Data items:
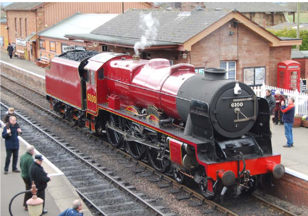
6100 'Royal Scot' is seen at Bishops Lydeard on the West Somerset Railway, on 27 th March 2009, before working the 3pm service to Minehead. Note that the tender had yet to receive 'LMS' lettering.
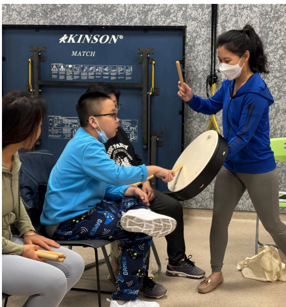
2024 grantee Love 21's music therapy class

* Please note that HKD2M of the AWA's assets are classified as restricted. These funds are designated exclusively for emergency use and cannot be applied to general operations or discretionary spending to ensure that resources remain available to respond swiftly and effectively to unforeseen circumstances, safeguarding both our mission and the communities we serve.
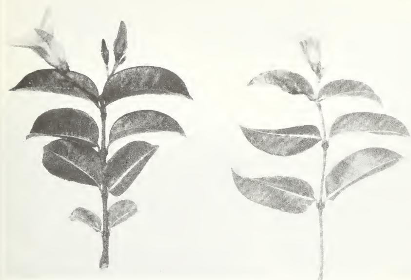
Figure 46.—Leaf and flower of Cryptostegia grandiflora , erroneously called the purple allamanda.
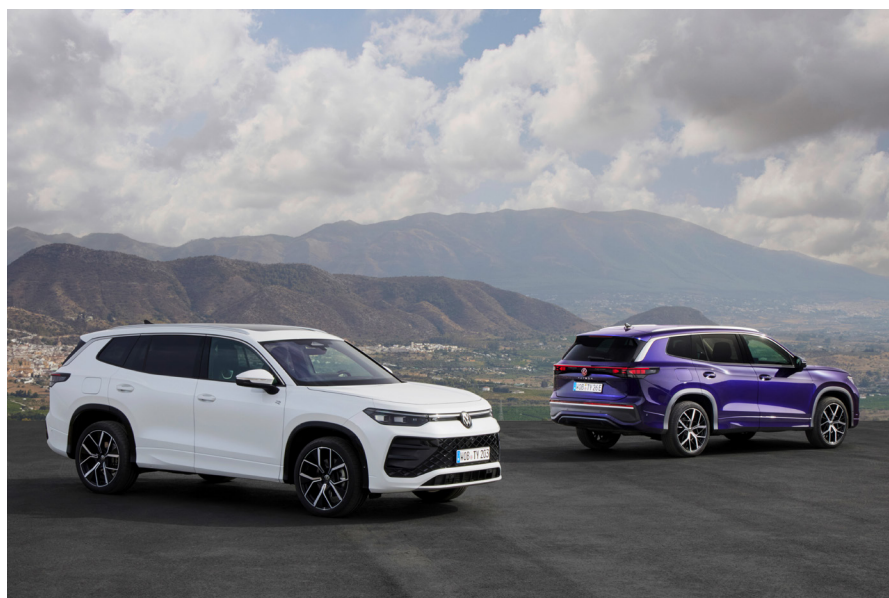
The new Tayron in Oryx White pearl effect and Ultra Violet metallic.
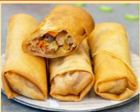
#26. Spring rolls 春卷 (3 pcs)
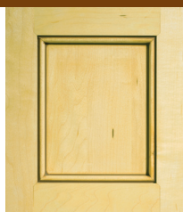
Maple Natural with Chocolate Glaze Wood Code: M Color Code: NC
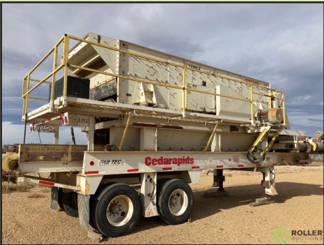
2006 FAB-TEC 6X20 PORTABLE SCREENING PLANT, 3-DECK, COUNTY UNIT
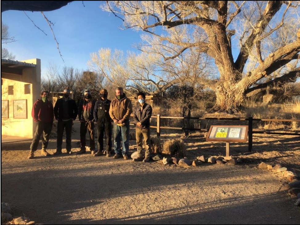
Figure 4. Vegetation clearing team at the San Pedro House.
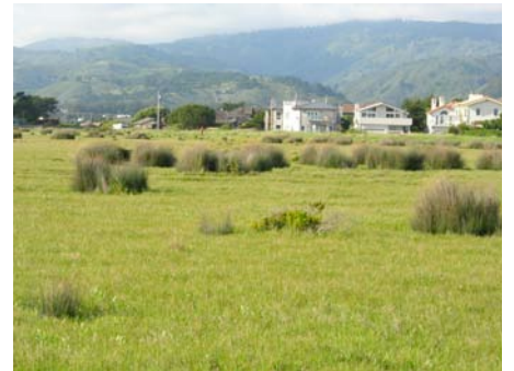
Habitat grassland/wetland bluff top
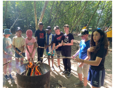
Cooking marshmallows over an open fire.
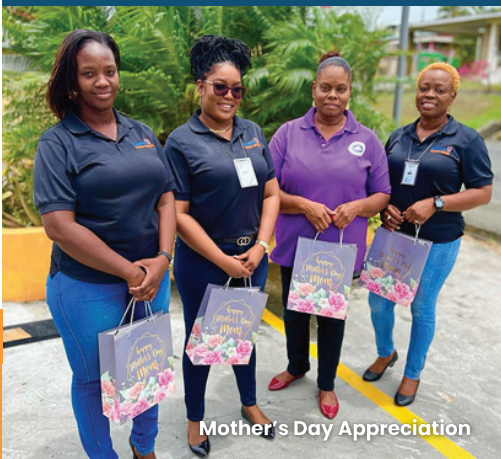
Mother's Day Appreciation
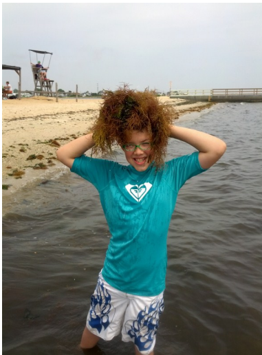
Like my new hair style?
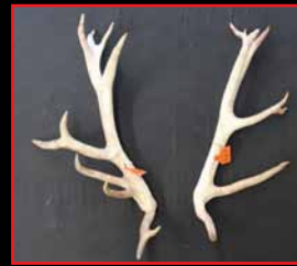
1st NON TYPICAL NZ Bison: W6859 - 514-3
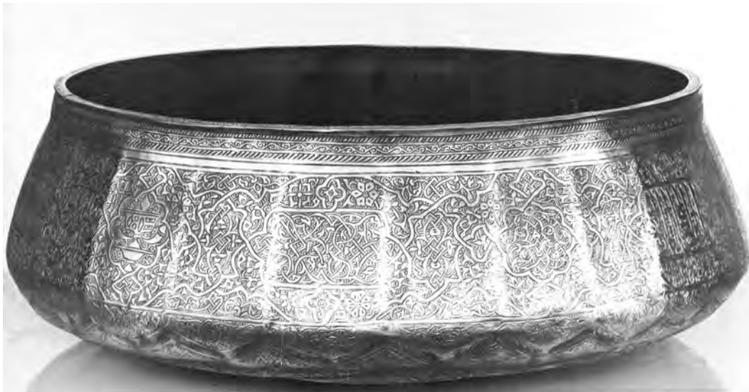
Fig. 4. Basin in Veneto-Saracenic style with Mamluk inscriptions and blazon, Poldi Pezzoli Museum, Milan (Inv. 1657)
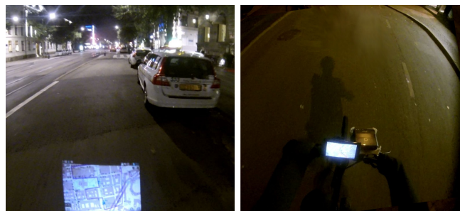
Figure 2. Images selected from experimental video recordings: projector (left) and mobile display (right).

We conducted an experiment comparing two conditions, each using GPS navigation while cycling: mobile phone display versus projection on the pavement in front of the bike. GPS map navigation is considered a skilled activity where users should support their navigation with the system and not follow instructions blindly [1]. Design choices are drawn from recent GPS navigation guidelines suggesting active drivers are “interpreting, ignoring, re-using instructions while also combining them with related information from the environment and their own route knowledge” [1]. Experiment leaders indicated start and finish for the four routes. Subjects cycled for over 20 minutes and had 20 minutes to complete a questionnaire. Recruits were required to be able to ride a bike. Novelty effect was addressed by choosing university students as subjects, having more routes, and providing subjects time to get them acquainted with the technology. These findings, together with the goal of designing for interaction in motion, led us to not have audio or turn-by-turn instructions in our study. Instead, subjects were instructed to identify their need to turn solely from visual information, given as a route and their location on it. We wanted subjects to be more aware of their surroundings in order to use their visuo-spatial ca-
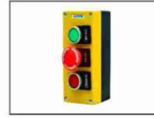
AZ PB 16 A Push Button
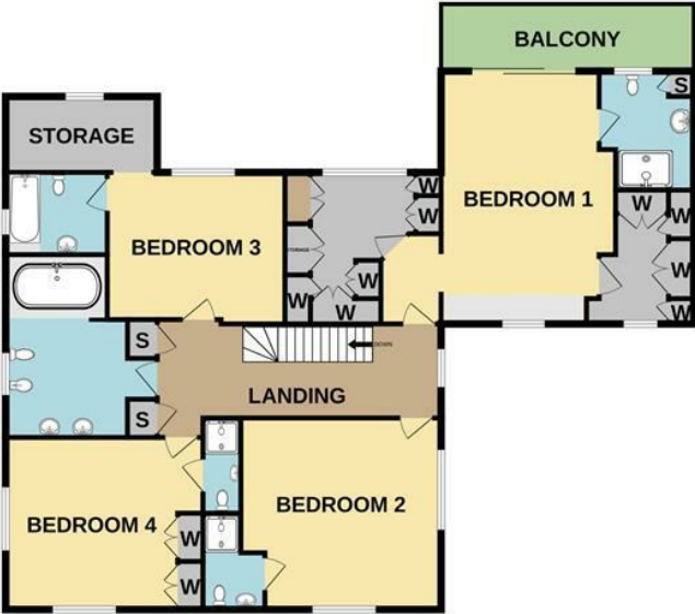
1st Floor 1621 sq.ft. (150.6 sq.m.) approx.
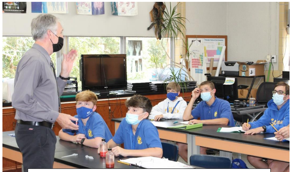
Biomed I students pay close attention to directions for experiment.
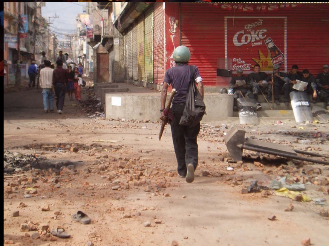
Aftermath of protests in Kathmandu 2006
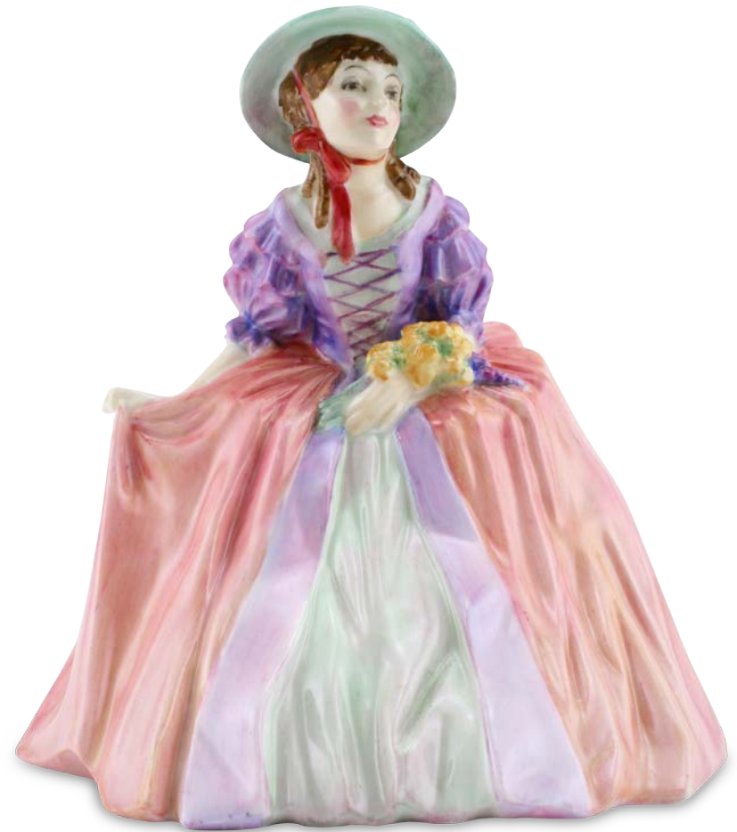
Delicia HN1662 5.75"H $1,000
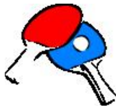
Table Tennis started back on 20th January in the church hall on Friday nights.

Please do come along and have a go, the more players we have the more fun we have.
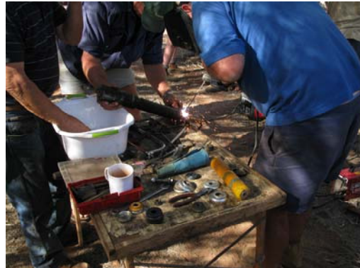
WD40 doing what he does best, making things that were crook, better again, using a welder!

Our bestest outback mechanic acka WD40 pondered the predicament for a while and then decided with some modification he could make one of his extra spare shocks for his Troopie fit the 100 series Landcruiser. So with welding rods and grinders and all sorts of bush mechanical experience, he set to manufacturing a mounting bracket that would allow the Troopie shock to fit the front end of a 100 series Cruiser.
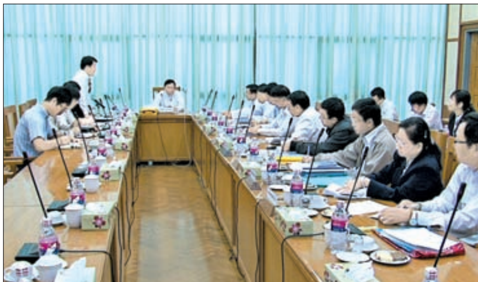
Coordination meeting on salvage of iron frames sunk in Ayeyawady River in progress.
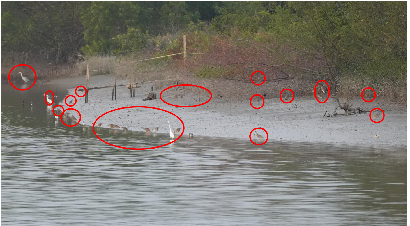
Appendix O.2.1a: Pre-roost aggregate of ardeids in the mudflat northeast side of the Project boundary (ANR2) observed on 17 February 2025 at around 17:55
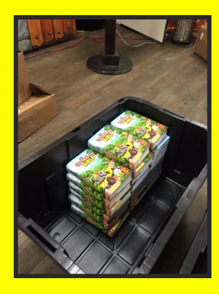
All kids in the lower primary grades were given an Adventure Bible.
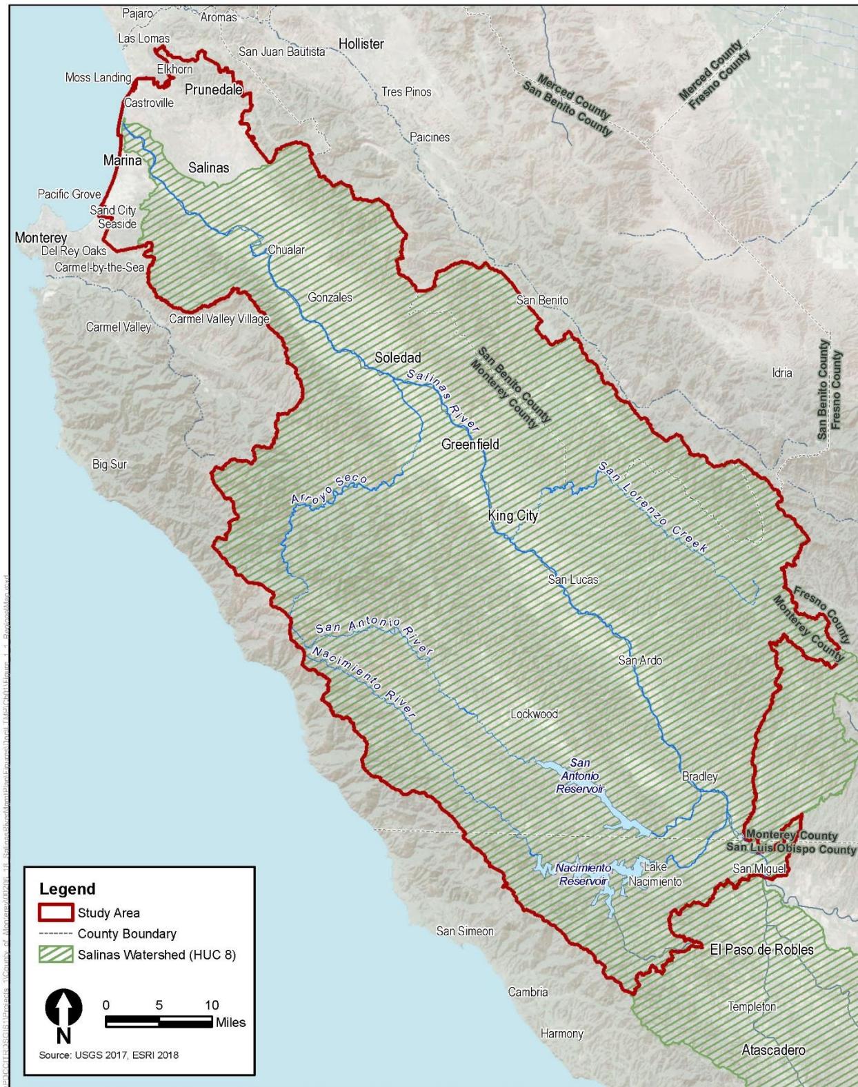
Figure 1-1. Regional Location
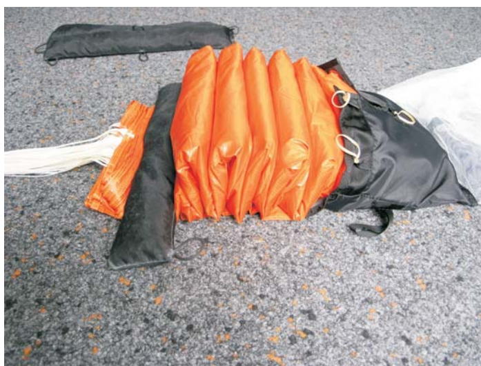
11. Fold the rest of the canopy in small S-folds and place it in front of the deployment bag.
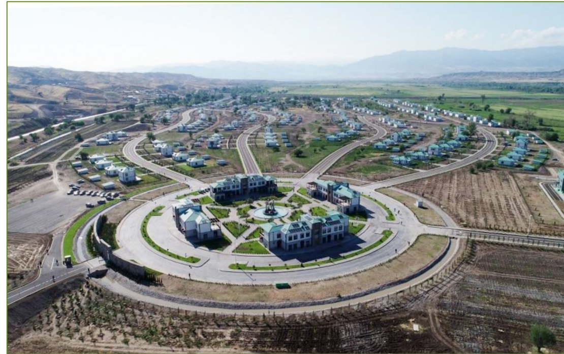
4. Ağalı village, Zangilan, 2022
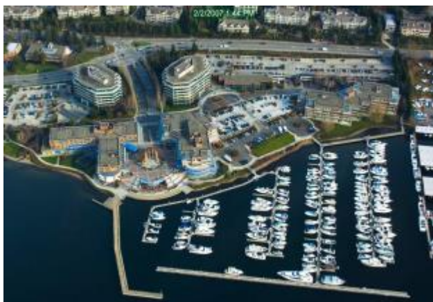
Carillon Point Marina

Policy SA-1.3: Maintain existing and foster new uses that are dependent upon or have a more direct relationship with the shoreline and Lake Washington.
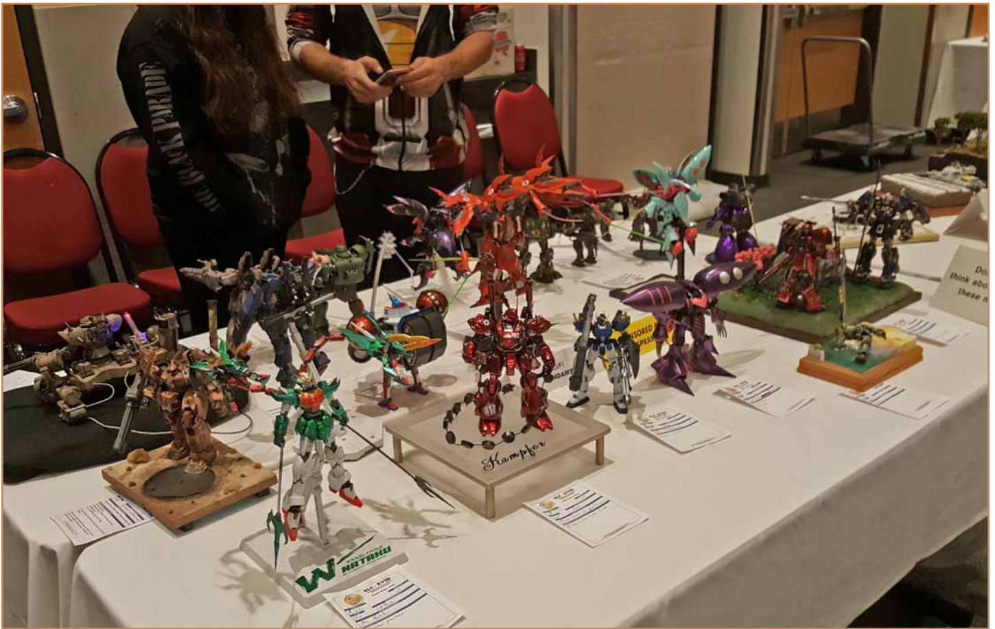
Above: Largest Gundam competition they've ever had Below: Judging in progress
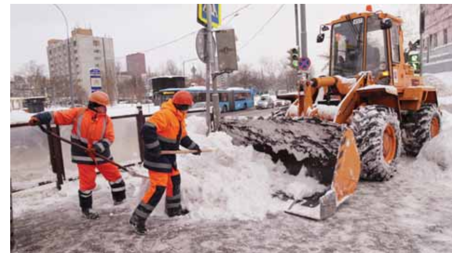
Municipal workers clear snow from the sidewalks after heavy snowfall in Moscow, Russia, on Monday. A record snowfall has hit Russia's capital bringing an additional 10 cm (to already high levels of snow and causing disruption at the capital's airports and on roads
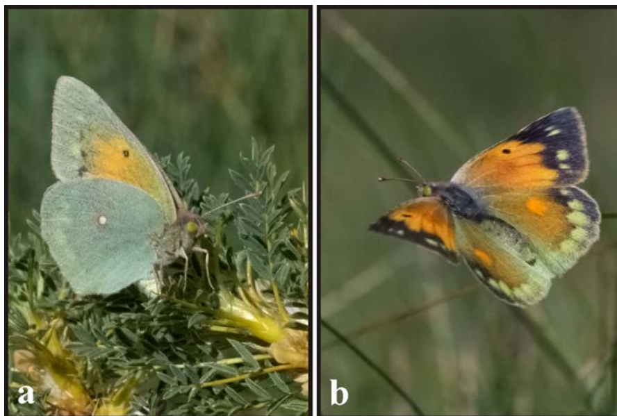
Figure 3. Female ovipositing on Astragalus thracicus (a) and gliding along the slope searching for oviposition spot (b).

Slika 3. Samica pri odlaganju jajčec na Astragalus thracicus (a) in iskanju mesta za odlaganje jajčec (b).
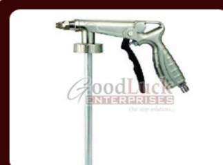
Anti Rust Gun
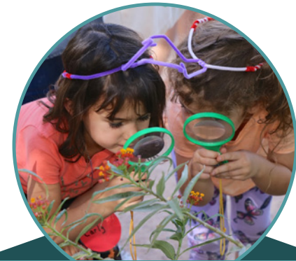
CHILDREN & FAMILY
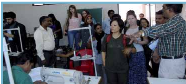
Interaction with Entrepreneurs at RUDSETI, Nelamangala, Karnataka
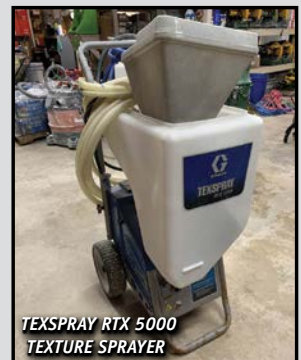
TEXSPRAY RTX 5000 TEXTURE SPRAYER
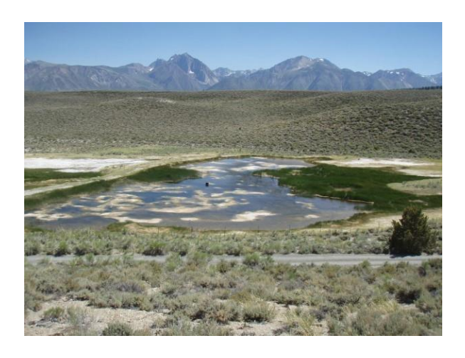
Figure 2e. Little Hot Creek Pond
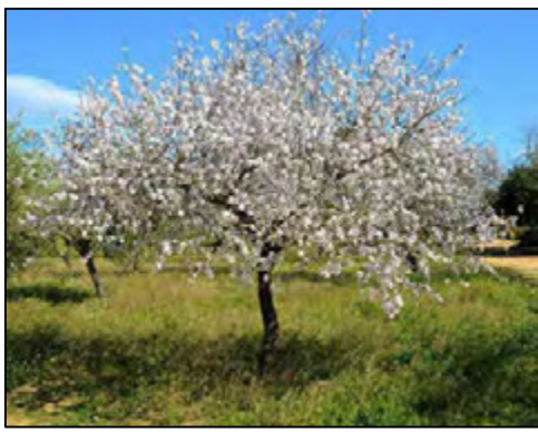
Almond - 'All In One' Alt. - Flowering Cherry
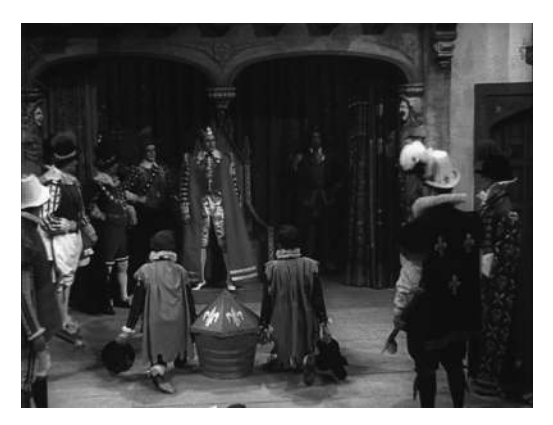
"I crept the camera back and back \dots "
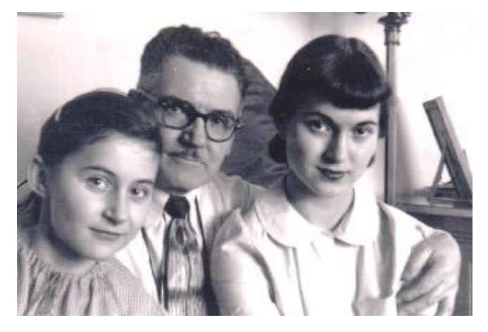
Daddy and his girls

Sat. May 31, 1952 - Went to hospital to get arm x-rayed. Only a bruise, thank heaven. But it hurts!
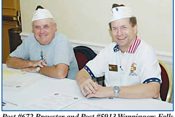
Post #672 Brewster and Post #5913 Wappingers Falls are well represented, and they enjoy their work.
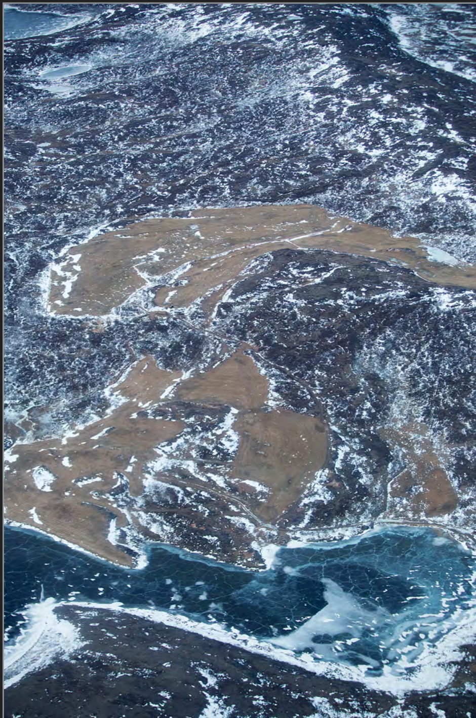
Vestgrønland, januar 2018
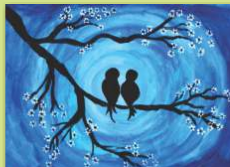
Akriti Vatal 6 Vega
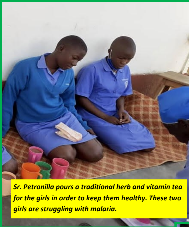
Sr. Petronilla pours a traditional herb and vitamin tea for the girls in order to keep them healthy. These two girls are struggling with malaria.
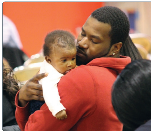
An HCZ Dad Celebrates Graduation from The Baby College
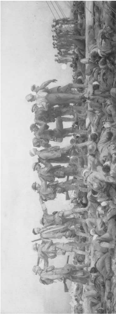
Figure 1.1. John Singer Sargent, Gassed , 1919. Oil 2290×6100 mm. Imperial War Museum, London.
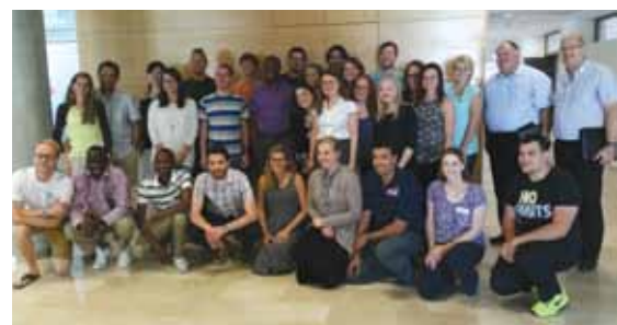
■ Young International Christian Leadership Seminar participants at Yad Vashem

#### [ACTIVITY]
Within these entries, output exactly the lines starting at the one with "2024 grantee Love 21's music therapy class" and finishing at the one with "Fig. 4. Basin". Leave pictures out of the output.

#### [RESULT OF THIS EXERCISE]
2024 grantee Love 21's music therapy class

* Please note that HKD2M of the AWA's assets are classified as restricted. These funds are designated exclusively for emergency use and cannot be applied to general operations or discretionary spending to ensure that resources remain available to respond swiftly and effectively to unforeseen circumstances, safeguarding both our mission and the communities we serve.
Figure 46.—Leaf and flower of Cryptostegia grandiflora , erroneously called the purple allamanda.
The new Tayron in Oryx White pearl effect and Ultra Violet metallic.
#26. Spring rolls 春卷 (3 pcs)
Maple Natural with Chocolate Glaze Wood Code: M Color Code: NC
2006 FAB-TEC 6X20 PORTABLE SCREENING PLANT, 3-DECK, COUNTY UNIT
Figure 4. Vegetation clearing team at the San Pedro House.
Habitat grassland/wetland bluff top
Cooking marshmallows over an open fire.
Mother's Day Appreciation
Like my new hair style?
1st NON TYPICAL NZ Bison: W6859 - 514-3
Fig. 4. Basin in Veneto-Saracenic style with Mamluk inscriptions and blazon, Poldi Pezzoli Museum, Milan (Inv. 1657)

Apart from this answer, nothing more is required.